# Lieder auf kigot.com



## kuhlmaehn (6. Februar 2005)

Die Frage passt hier zwar nicht wirklich rein aber ich wusste nicht wohin sie gepasst hätte.

Nachdem ich schon an http://www.kigot.com geschrieben hatte, jedoch ohne Antwort, frage ich jetzt mal euch.

Ich wüsste sehr gerne woher das Lied auf der Hauptseite stammt aber auch die Lieder die man auf der Hauptseite unten bei Audiokontroll starten kann.

Ich hoffe ihr kennt die Lieder.

Danke schonmal,
kuhlmaehn


----------



## MrMo (6. Februar 2005)

Ich kenn das Lied zwar nicht aber es gibt eine möglichkeit diese Songs zu extrahieren und zwar mit diesem Tool.

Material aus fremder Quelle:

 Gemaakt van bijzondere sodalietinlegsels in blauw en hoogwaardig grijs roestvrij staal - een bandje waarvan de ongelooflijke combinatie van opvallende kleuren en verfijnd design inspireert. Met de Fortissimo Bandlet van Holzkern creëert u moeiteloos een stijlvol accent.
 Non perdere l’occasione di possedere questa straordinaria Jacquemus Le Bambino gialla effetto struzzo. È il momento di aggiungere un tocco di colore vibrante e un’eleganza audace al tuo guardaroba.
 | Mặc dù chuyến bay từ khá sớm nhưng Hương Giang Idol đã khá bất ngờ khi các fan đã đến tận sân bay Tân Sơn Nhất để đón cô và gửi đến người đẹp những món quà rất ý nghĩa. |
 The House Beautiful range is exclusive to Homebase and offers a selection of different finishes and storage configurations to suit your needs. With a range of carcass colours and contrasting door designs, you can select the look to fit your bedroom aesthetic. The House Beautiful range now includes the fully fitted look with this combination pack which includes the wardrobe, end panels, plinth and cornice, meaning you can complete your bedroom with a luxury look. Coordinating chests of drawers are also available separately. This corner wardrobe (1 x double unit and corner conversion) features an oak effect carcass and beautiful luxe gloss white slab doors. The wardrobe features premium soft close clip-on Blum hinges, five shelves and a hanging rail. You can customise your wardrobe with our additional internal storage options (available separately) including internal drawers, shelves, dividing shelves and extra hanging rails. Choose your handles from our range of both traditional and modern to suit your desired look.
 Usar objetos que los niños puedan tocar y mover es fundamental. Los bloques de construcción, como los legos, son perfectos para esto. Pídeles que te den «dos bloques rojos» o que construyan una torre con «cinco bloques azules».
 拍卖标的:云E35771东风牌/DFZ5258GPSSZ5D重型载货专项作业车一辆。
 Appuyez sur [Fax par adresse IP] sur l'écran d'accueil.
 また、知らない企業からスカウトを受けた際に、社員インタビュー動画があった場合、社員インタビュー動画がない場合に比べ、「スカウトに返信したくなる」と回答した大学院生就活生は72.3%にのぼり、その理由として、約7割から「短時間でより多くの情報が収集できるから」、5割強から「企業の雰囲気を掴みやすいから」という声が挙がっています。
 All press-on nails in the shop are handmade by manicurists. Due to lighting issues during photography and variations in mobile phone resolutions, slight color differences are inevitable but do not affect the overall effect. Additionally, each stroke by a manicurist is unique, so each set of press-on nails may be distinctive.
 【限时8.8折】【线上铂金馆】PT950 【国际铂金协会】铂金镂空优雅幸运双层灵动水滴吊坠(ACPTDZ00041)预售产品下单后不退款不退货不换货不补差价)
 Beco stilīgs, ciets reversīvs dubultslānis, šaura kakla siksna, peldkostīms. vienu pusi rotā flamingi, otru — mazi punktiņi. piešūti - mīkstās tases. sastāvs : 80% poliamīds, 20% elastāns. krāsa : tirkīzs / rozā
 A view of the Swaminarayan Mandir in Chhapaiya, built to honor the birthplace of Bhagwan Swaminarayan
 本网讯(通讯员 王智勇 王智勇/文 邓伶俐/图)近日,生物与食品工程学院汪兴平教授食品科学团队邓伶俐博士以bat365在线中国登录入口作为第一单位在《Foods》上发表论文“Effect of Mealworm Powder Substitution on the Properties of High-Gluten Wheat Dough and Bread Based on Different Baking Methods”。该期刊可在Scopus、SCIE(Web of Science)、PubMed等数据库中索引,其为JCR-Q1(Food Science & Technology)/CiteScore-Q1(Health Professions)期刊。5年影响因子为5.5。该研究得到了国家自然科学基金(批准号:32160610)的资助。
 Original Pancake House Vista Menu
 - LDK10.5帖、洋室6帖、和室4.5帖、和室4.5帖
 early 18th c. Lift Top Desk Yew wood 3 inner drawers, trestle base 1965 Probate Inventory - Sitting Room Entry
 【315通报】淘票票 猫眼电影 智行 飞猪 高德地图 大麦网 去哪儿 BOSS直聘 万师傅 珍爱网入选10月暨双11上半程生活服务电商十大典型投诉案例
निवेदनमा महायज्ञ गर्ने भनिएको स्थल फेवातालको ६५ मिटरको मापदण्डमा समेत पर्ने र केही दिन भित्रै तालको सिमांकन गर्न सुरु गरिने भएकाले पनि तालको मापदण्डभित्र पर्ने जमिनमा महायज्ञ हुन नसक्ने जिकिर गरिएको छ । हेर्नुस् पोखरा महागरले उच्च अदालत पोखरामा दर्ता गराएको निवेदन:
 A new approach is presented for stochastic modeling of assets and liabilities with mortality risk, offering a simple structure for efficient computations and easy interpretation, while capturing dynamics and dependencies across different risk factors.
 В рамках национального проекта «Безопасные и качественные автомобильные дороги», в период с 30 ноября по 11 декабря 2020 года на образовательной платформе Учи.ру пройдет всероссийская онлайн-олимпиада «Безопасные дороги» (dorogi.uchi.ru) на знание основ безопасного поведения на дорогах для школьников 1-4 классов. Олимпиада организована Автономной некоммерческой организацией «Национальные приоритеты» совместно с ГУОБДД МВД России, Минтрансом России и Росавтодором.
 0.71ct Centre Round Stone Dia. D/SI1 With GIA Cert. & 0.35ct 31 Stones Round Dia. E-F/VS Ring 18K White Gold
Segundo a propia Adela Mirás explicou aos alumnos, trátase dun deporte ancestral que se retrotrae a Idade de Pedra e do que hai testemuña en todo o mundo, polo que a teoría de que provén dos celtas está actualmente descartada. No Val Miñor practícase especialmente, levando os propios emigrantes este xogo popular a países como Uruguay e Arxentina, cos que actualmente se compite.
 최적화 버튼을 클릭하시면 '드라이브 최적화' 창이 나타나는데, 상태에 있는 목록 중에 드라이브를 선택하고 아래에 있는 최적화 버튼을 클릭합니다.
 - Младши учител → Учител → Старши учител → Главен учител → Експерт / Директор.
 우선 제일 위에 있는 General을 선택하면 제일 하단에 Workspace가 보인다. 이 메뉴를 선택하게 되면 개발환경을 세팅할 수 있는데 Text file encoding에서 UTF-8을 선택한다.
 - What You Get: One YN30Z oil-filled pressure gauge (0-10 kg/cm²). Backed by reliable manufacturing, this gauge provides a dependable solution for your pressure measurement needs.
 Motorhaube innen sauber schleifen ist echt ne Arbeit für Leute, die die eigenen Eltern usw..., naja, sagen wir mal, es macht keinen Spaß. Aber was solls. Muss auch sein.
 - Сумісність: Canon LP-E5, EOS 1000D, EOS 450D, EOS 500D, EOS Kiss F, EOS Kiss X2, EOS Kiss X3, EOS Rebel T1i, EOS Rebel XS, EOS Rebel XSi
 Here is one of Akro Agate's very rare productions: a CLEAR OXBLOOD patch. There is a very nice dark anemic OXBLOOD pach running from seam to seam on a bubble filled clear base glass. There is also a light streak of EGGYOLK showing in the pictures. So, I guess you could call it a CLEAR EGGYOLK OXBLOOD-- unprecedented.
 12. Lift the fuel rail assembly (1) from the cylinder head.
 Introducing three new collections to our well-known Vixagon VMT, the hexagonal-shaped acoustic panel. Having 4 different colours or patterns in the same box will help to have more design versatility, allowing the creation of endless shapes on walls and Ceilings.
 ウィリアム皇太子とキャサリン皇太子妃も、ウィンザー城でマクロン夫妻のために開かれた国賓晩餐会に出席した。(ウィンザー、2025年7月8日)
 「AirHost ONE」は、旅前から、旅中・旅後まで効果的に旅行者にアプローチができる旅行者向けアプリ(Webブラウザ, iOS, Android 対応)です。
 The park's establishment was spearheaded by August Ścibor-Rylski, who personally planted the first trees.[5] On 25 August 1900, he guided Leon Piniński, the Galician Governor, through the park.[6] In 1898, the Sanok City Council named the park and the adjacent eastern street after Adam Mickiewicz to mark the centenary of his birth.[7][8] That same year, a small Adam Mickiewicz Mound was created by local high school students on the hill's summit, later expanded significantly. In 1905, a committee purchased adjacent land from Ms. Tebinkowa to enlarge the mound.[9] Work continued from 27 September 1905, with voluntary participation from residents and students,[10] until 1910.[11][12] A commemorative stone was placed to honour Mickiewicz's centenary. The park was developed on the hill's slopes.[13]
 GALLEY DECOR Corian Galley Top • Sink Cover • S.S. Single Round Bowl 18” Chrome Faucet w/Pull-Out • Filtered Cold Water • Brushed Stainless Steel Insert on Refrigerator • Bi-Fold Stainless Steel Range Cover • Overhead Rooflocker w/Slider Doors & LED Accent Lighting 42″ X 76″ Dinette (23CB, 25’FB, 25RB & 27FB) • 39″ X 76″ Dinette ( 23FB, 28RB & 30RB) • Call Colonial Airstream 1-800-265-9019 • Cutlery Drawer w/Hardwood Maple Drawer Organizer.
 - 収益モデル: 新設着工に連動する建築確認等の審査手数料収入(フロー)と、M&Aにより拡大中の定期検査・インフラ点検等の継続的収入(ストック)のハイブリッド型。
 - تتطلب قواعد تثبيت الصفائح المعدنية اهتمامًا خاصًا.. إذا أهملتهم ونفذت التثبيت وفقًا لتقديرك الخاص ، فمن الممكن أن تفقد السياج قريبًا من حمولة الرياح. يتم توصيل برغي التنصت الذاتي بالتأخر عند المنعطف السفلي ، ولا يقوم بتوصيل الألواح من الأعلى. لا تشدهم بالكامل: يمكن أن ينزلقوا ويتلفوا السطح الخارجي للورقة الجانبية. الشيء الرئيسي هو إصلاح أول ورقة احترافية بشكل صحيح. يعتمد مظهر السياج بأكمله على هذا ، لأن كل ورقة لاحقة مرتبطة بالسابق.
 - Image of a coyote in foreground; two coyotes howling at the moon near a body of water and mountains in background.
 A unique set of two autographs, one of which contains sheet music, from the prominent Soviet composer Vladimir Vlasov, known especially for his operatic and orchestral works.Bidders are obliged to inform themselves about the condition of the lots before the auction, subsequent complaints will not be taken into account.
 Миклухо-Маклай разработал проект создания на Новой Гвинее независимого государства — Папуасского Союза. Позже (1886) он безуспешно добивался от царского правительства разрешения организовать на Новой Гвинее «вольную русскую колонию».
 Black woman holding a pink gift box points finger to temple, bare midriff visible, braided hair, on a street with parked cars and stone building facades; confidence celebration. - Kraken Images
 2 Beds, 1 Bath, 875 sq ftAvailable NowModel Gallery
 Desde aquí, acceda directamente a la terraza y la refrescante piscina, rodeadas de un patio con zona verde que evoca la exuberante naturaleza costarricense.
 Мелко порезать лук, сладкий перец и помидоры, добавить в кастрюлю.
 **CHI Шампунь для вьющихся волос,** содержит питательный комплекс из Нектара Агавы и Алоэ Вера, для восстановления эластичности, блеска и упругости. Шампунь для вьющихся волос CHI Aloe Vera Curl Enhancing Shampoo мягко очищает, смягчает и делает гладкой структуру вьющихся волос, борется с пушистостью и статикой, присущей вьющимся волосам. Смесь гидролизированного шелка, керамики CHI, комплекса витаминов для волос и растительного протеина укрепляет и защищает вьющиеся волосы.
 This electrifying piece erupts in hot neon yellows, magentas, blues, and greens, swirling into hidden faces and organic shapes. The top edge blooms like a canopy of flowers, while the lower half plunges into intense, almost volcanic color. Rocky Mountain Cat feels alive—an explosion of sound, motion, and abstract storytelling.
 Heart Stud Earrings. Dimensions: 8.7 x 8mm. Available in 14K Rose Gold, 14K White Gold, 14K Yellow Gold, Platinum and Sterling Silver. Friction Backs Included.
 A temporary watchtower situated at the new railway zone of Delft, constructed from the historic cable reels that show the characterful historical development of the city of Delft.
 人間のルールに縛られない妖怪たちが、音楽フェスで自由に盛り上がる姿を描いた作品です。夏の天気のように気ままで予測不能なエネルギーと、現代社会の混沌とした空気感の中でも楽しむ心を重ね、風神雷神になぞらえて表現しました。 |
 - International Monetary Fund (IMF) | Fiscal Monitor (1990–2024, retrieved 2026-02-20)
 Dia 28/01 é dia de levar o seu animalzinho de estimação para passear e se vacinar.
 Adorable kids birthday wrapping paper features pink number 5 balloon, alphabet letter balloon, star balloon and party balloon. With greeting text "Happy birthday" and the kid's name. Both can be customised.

Ob die Musikstücke urheberrechtlich geschützt sind, weis ich nicht, also Vorsicht.


----------



## kuhlmaehn (6. Februar 2005)

Mich würde ja eher der Komponist interresieren da mir der Stiel und auch die Stücke, zuminsdest eins, irgendie bekannt vorkamen.


----------



## chmee (6. Februar 2005)

Definitiv ein Film-Soundtrack. Irgendwas Richtung Jerry Goldsmith. Thema zwischen
Ägypten und Fantasy. "The Mummy" oder "Mummys Return" würde passen..
Hab gerade nachgeschaut.. J.Goldmsith oder Alan Silvestri.

http://www.iclassics.com/productDetail?contentId=2274.

naja, Suchen musst Du jetzt selber.. 

mfg chmee


----------



## kuhlmaehn (8. Februar 2005)

Ok, danke!
Dann werd ich mich mal durchsuchen 

kuhlmaehn


----------